Emergence of Post Liberators to change market dynamics
American demographers have a great way with words. When they found, post World War II, that there was an explosion in the birth rates, they coined a nice term to refer to this phenomenon:
American demographers have a great way with words. When they found, post World War II, that there was an explosion in the birth rates, they coined a nice term to refer to this phenomenon: Baby Boom. As these post-world war II babies started growing up, they started behaving very differently from their parents and their grand parents. They had not seen war or depression. They did not have to brave the wild west, the British colonial forces or even the poor Red Indians. The whole world loved America (if you don’t count the iron curtain countries; and they did not count) and these baby boomers could do no wrong.
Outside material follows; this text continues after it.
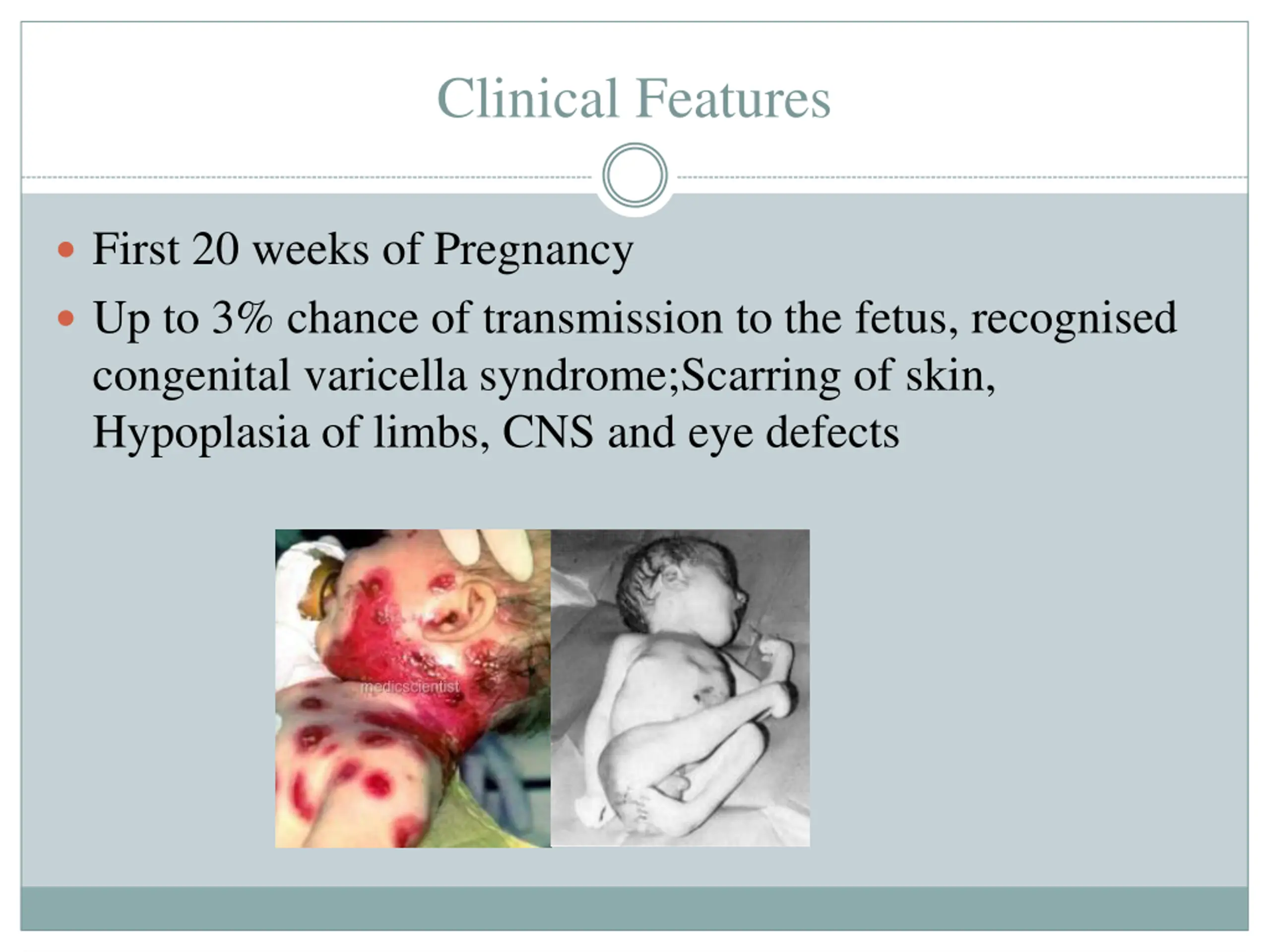 Clinical Features First 20 weeks of Pregnancy Up to 3% chance of transmission to the fetus, recognised congenital varicella syndrome;Scarring of skin, Hypoplasia of limbs, CNS and eye defects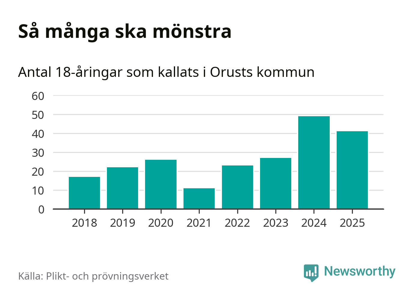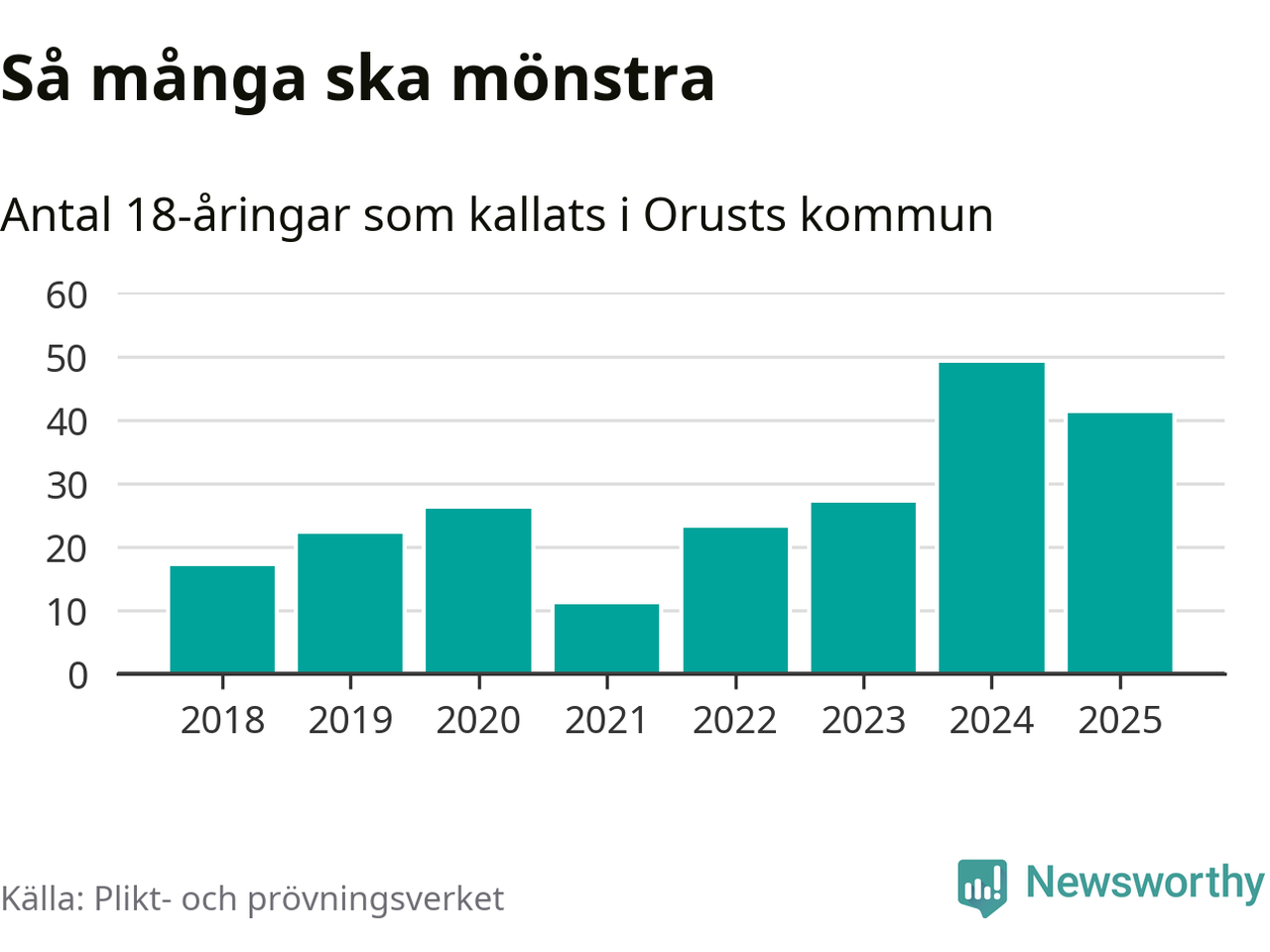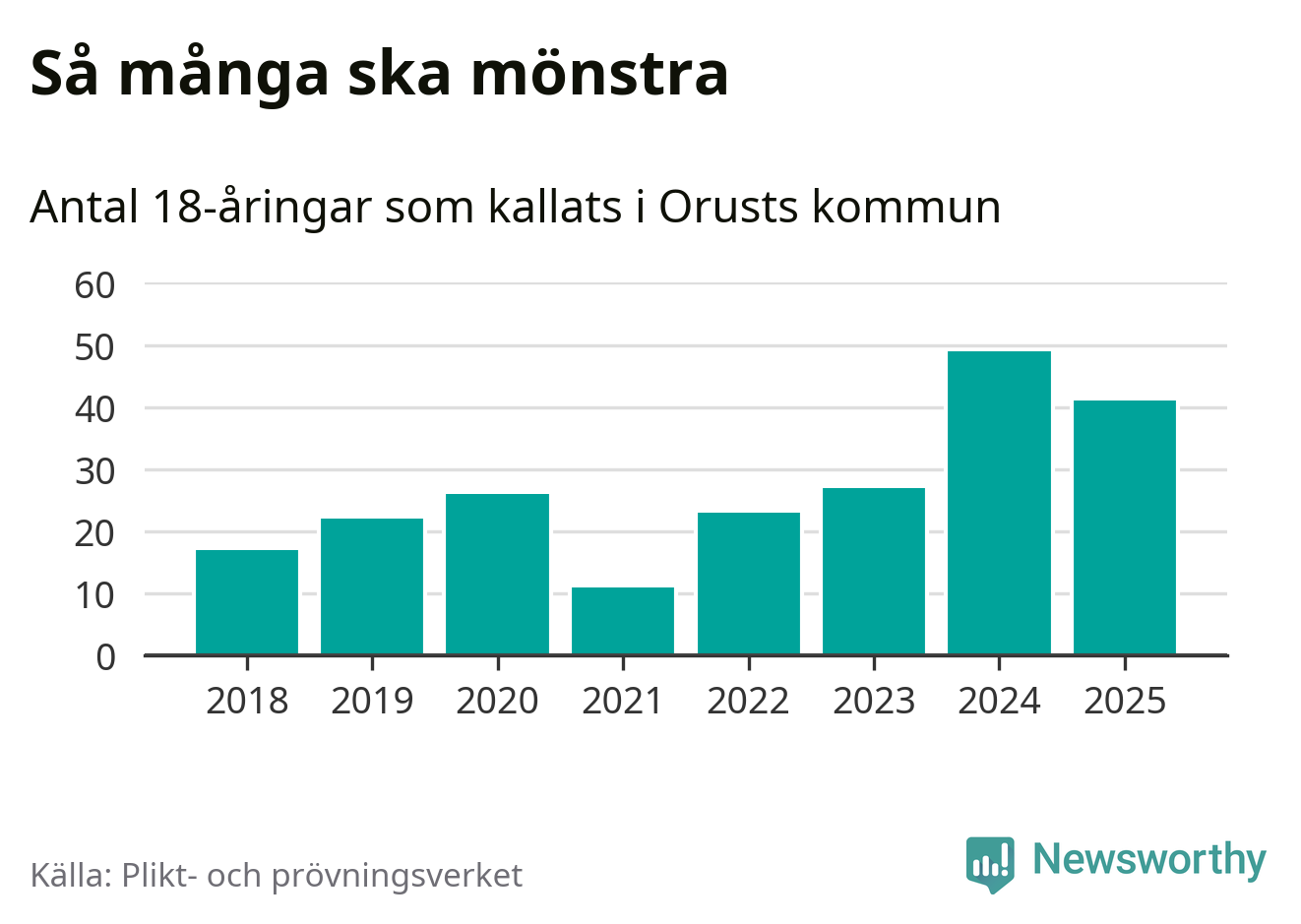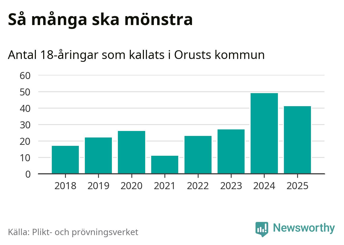 Nu kallas omkring 28 200 svenskar födda 2007 till mönstring. Och 41 av dem kommer från Orust, enligt ny statistik från Plikt- och prövningsverket. Det innebär att var fjärde invånare i åldersgruppen i kommunen kallas till mönstring. Det är en högre andel än i Västra Götaland totalt. I riket som helhet kallas nästan var fjärde person i årskullen.

In India, we are witnessing our own version of a baby boom and I am labeling these new boomers, Post Liberators. These are the now generation kids born a little before or after the liberalisation flag was waved by the then Prime Minister Narasimha Rao and the then finance minister Manmohan Singh. The date: July 24, 1991. These post liberators have are now approaching consumption age, with some in their first jobs. How will they behave as citizens, and how different will be their consumption behaviour?
Compared with the generations before them, the Post Liberators have grown in an India that is witnessing expanding choices: of education, jobs, careers to electronic goods, two wheelers, cars, phones and more. They have seen foreign brands enter the market and fail. They have seen Indian brands facing foreign brands and winning. They have seen Indian companies buying foreign companies. The latest I am told is the erstwhile East India Company, now a furniture and curio shop in south Mumbai!
No wonder we are seeing Indian consumers changing, as was pointed out in the article in the Harvard Business Review (October 2006) on the New Indian Consumer. The authors Ashok Gopal and Rajesh Srinivasan point out three distinct trends: Indians are getting more materialistic, consumerism is becoming a way of life in India and foreign is passé, Indian is paramount.
It is possibly a mistake to assume that the whole country has adopted the consumerism mantra. It is likely that these new trends are being driven by the post liberators, in the bigger cities. It is likely that the younger lot, the post liberators and their immediate seniors, are driving this new sentiment.
We will need to develop new rules of engagement with these post liberators. The first step may very well be the acknowledgment of the fact that the new Indian consumer is going to be calling the tune, and get our ears tuned to hear their song. Just like the US marketers created products and services to especially cater to the Baby Boomers, it is now time for Indian marketers to start planning and take the Post Liberators seriously.